▶ _INFORMATION SHOWN_
§ §

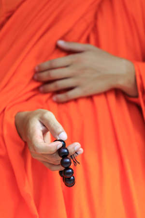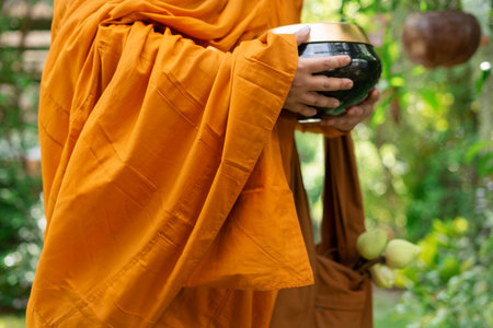 hand of monk dressing orange robe, holding bowl during reception of alms, around buddhist temple
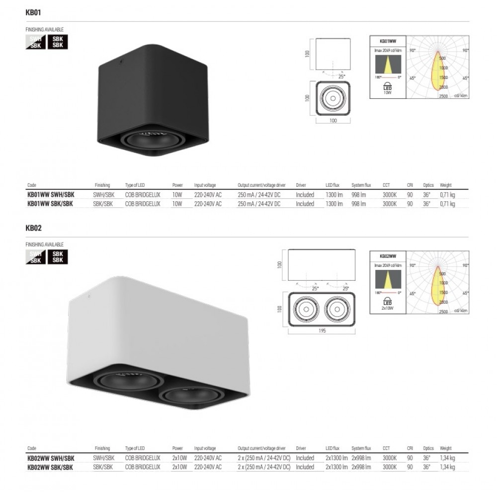 Plafoniera Arelux XKubo, aluminiu, alb, LED, 20W, 2600 lumeni, alb cald 3000K, IP40, KB02WW SWH/SBK
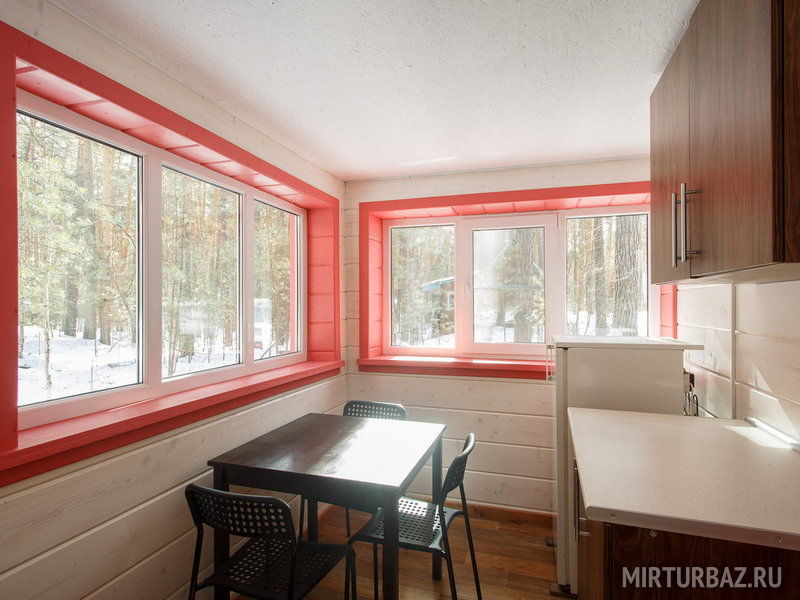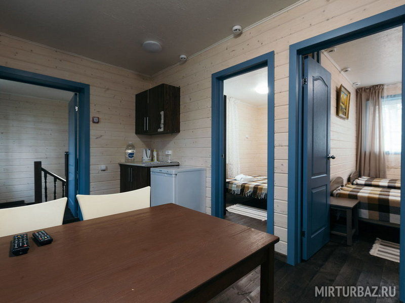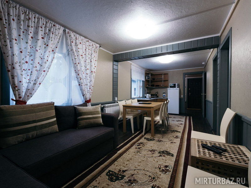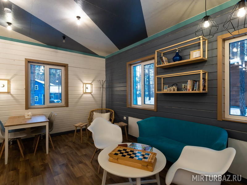 Инфраструктура базы представляет собой: два корпуса, уютные домики, детскую площадку и комнату для малышей.

§ §

▶ _REQUIRED WORK_
The copy must match every line of the data exactly and contain no pictures.

▶ _SOLUTION TO THIS EXERCISE_
 hand of monk dressing orange robe, holding bowl during reception of alms, around buddhist temple
 Plafoniera Arelux XKubo, aluminiu, alb, LED, 20W, 2600 lumeni, alb cald 3000K, IP40, KB02WW SWH/SBK
 Инфраструктура базы представляет собой: два корпуса, уютные домики, детскую площадку и комнату для малышей.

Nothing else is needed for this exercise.